Dataset entries
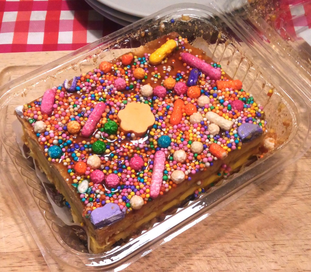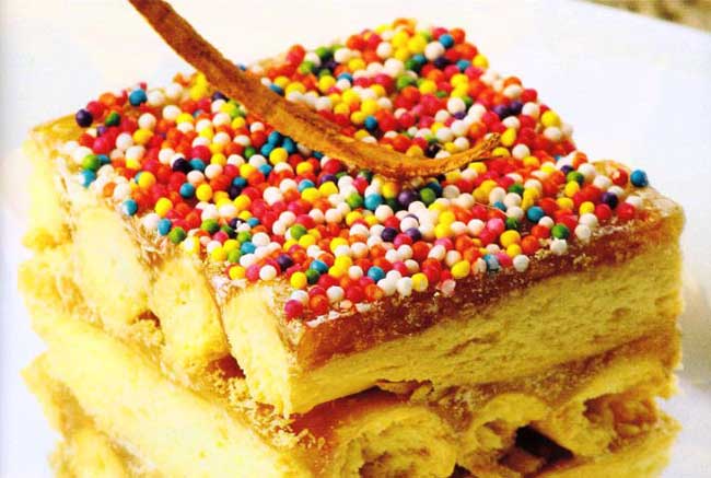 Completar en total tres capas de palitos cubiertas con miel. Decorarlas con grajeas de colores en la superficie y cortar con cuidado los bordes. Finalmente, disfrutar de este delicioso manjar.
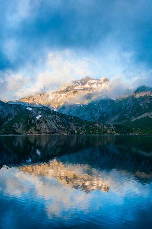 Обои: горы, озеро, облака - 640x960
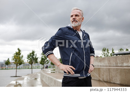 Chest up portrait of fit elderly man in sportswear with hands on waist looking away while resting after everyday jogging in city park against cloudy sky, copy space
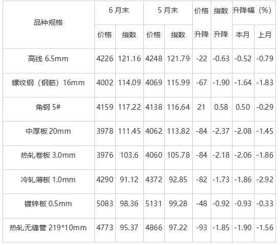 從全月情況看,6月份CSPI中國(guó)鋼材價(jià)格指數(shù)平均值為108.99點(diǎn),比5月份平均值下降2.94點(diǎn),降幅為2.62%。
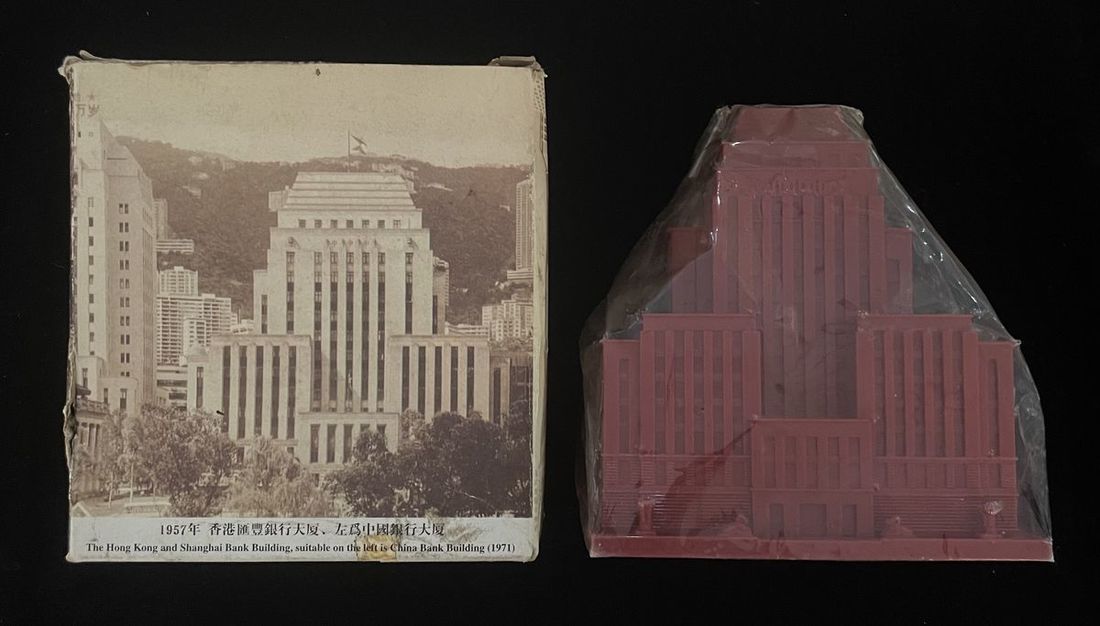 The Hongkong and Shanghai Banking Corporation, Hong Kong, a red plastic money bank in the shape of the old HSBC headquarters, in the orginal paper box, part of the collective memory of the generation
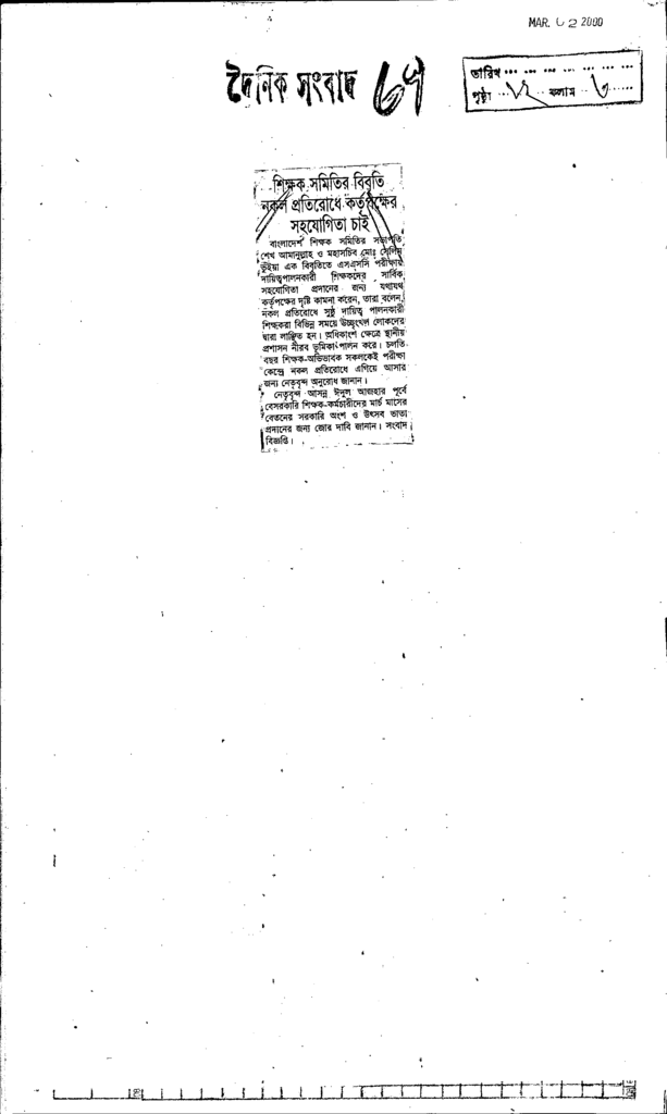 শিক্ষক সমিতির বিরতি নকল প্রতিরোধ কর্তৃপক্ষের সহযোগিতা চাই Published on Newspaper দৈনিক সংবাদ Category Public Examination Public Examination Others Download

Exercise description
Exactly reproduce each entry, but drop the pictures.

Exercise response
 Completar en total tres capas de palitos cubiertas con miel. Decorarlas con grajeas de colores en la superficie y cortar con cuidado los bordes. Finalmente, disfrutar de este delicioso manjar.
 Обои: горы, озеро, облака - 640x960
 Chest up portrait of fit elderly man in sportswear with hands on waist looking away while resting after everyday jogging in city park against cloudy sky, copy space
 從全月情況看,6月份CSPI中國(guó)鋼材價(jià)格指數(shù)平均值為108.99點(diǎn),比5月份平均值下降2.94點(diǎn),降幅為2.62%。
 The Hongkong and Shanghai Banking Corporation, Hong Kong, a red plastic money bank in the shape of the old HSBC headquarters, in the orginal paper box, part of the collective memory of the generation
 শিক্ষক সমিতির বিরতি নকল প্রতিরোধ কর্তৃপক্ষের সহযোগিতা চাই Published on Newspaper দৈনিক সংবাদ Category Public Examination Public Examination Others Download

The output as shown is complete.